START DATA SHOWN

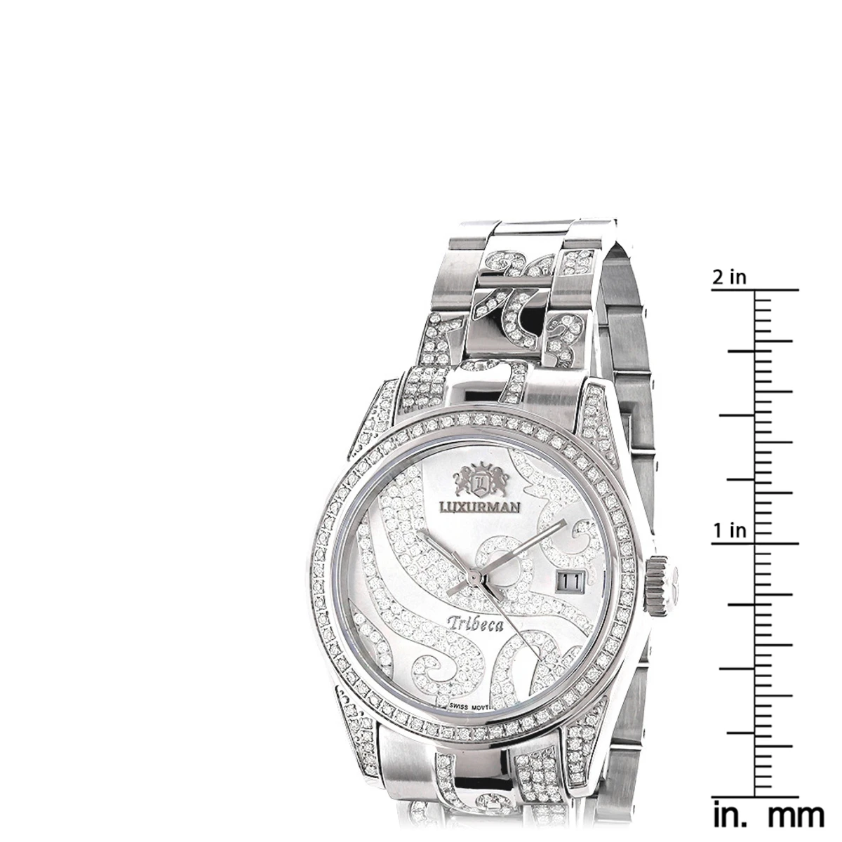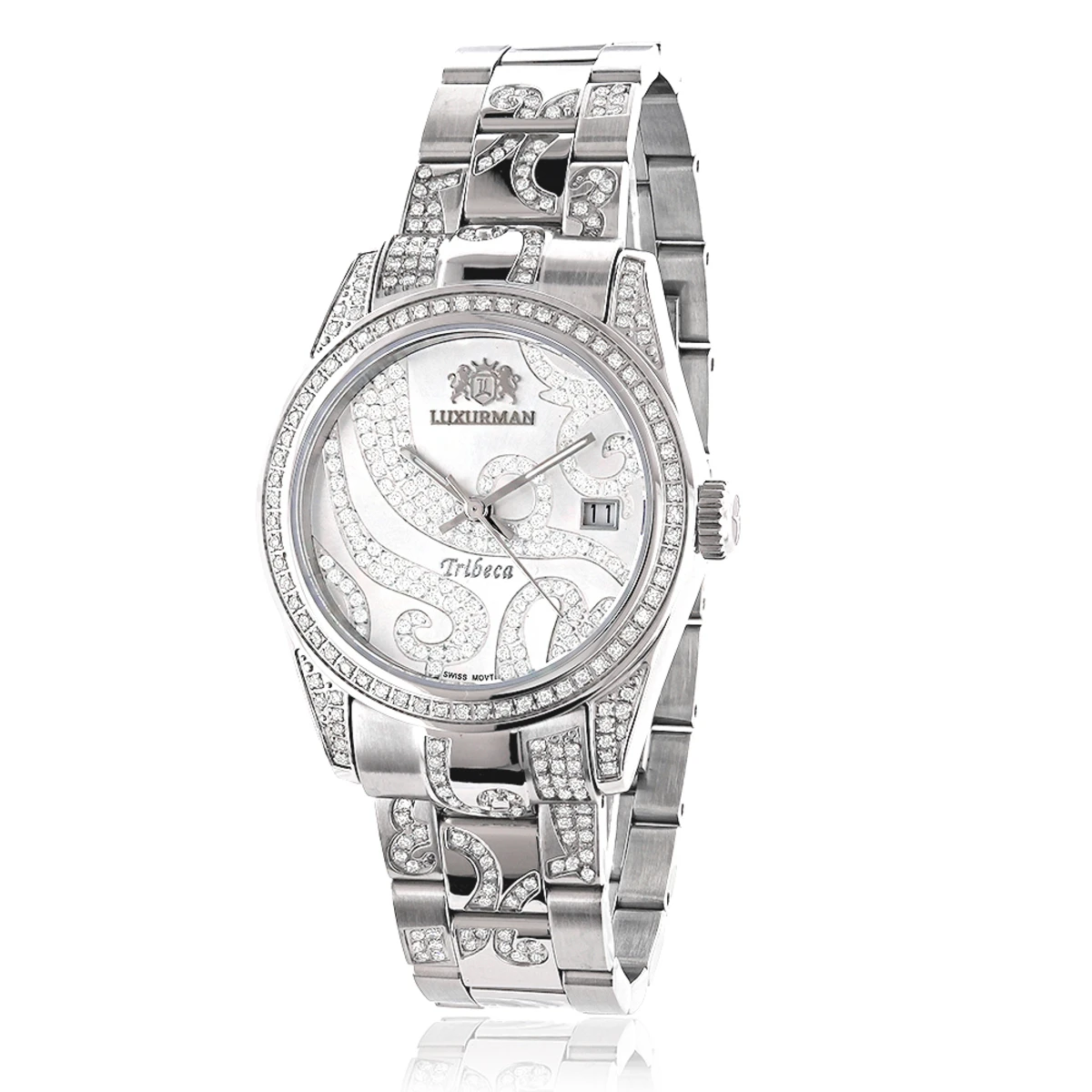 Luxurman Tribeca Women’s Diamond Bezel & Band Watch 3ct Platinum Plated
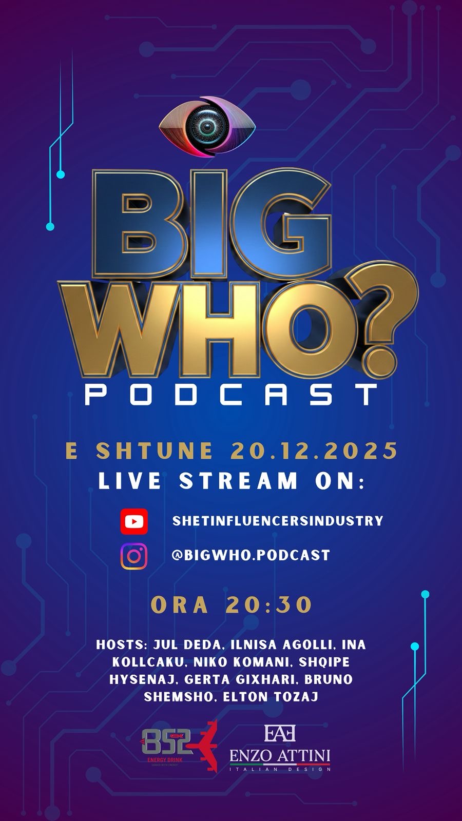 Me mbështetjen e BS7 Energy Drink dhe Enzo Attini – Italian Design, “Big Who?” synon të kthehet në pikëtakimin kryesor online për fansat e Big Brother VIP Albania.
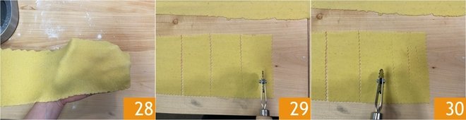 To prepare fried chiacchiere, take part of the dough and roll it out as before to a thickness of 1/16 inch 28. Let the sheet dry slightly and then use the fluted pastry wheel to cut rectangles measuring 2x4 inches 29, making cuts in the center lengthwise 30.
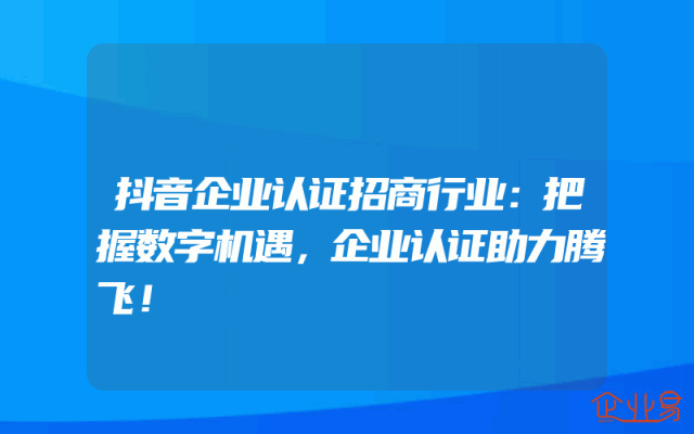 - 抖音企业认证招商行业:把握数字机遇,企业认证助力腾飞!
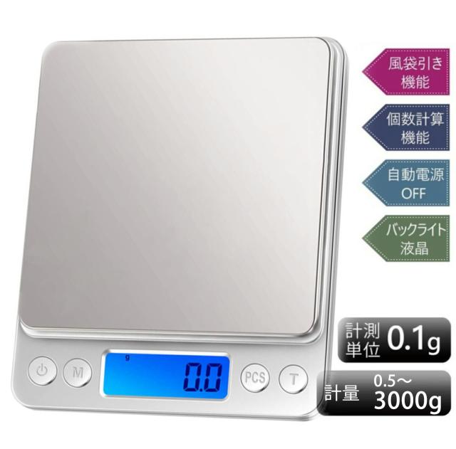 最大約3000g、0.1g単位で計れるデジタルキッチンスケールです。
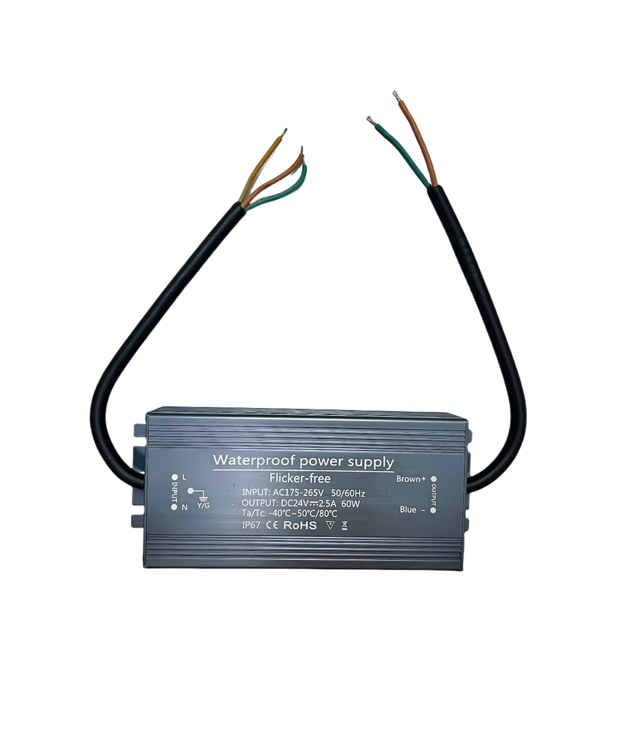 Den nya 60W strömförsörjningen 24V DC - 2,5A levererar pålitlig ström utan flimmer och är perfekt för både inomhus- och utomhusbruk tack vare sin IP67-certifiering.
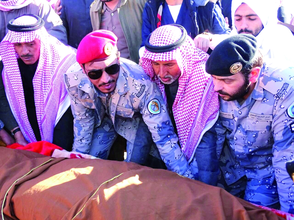 مشيعون يحملون جثمان الشهيد الشراري بعد الصلاة عليه. (عكاظ)
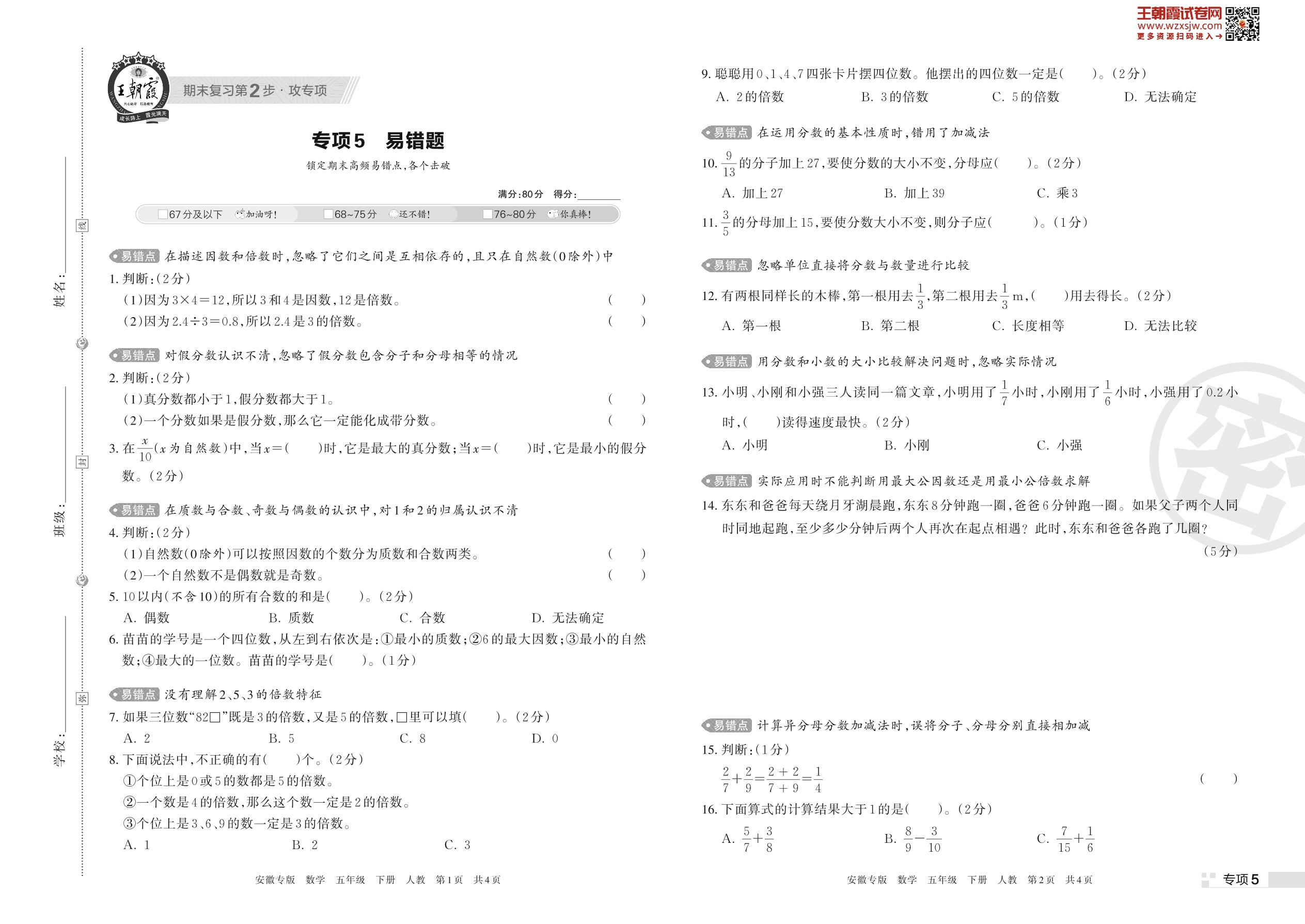 王朝霞期末专项卷——易错题五年级下册数学(人教版)_R230421164045871【5】

END DATA SHOWN

WHAT IS EXPECTED
What is needed is the whole listing again, exactly as written, with the images left out.

COMPLETED EXERCISE
 Luxurman Tribeca Women’s Diamond Bezel & Band Watch 3ct Platinum Plated
 Me mbështetjen e BS7 Energy Drink dhe Enzo Attini – Italian Design, “Big Who?” synon të kthehet në pikëtakimin kryesor online për fansat e Big Brother VIP Albania.
 To prepare fried chiacchiere, take part of the dough and roll it out as before to a thickness of 1/16 inch 28. Let the sheet dry slightly and then use the fluted pastry wheel to cut rectangles measuring 2x4 inches 29, making cuts in the center lengthwise 30.
 - 抖音企业认证招商行业:把握数字机遇,企业认证助力腾飞!
 最大約3000g、0.1g単位で計れるデジタルキッチンスケールです。
 Den nya 60W strömförsörjningen 24V DC - 2,5A levererar pålitlig ström utan flimmer och är perfekt för både inomhus- och utomhusbruk tack vare sin IP67-certifiering.
 مشيعون يحملون جثمان الشهيد الشراري بعد الصلاة عليه. (عكاظ)
 王朝霞期末专项卷——易错题五年级下册数学(人教版)_R230421164045871【5】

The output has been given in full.